Training of the textual machine learning model is automated entirely from the admin app. To begin, we’ll have to label some sites to use for training. If you followed the getting started guide, your domain database probably looks something like this:

View/Edit google.com and nytimes.com to add them to the training set for their respective categories:

We will want a real example for the Adult Sites category. Add a well-known domain and add it to the training set:

Go to the Domains -> Browse page and filter by “Used for training”. Your training set should now look something like this:

Feel free to add more domains or categories.
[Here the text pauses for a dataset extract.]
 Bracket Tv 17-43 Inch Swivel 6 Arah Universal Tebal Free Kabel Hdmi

Before we train the model, we need to enable the auto-categorization deployments by setting the following in our values.yaml:

providers:
  storage:
    model-test:
      platform: redis
      internal: true
      bucketHint: ss_apps
      secret: |
        expiry: '' # no expiry
    resources-test:
      platform: redis
      internal: true
      bucketHint: ss_apps
      secret: |
        expiry: 24h
categorizer:
  adminApp:
    storage:
      enabled: true
      provider: model-test
    crawlerStorage:
      enabled: true
      provider: resources-test
  autoCat:
    enabled: true
    crawlerWorker:
      enabled: true
      jobs:
        storage:
          enabled: true
          provider: resources-test

This example stores the machine learning model and crawl resources in redis, which is temporary storage. In production, you should use real object storage as categorizer.adminApp.storage.provider so your trained machine learning model is persistent. See the providers section in the full values.yaml file for examples. However, you can use redis as crawler storage if you have no requirement to keep the crawl data longer than needed.
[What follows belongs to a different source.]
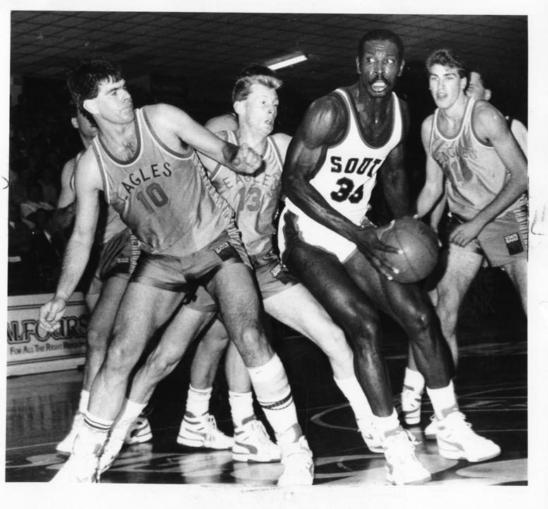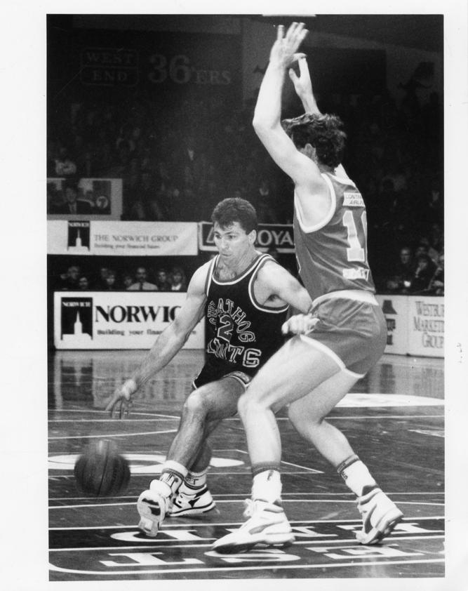 DONNIE & JOHNNY: Donnie Gipson slips past John Wesley in a SEABL clash.

In production, you may also wish to run the crawlerWorker in a separate cluster to the rest of your categorizer. This is for a few reasons:

To get a variety of public egress IPs at scale, running the crawlerWorker in a public cluster is ideal. Your main cluster may be a private cluster, which will have only 1 egress IP.
In the case of a security vulnerability that penetrates both Chrome and Kubernetes’s virtualization, however unlikely, the impact will be limited.
Crawler jobs and categorization are quite resource-heavy compared to the rest of the deployments, especially at scale. This may warrant using a node pool with a larger machine type.
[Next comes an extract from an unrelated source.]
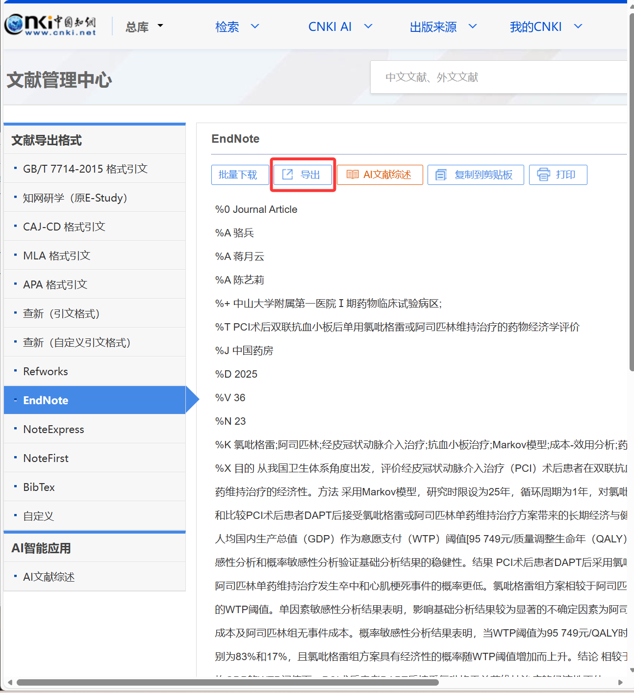 通过导出与分析-导出文献-Endnote按钮来获得Endnote的用于导入文献的内容

The crawlerWorker communicates through the adminApp only through redis, which is used as a work queue. So you could, for example, edit redis.internal.serviceType,serviceAnnotations, and serviceAllowedSourceRanges in the cluster hosting redis to make it available to the second cluster, then use redis.external in the second cluster to connect to it. Or, create your own redis instance and connect both to it using redis.external.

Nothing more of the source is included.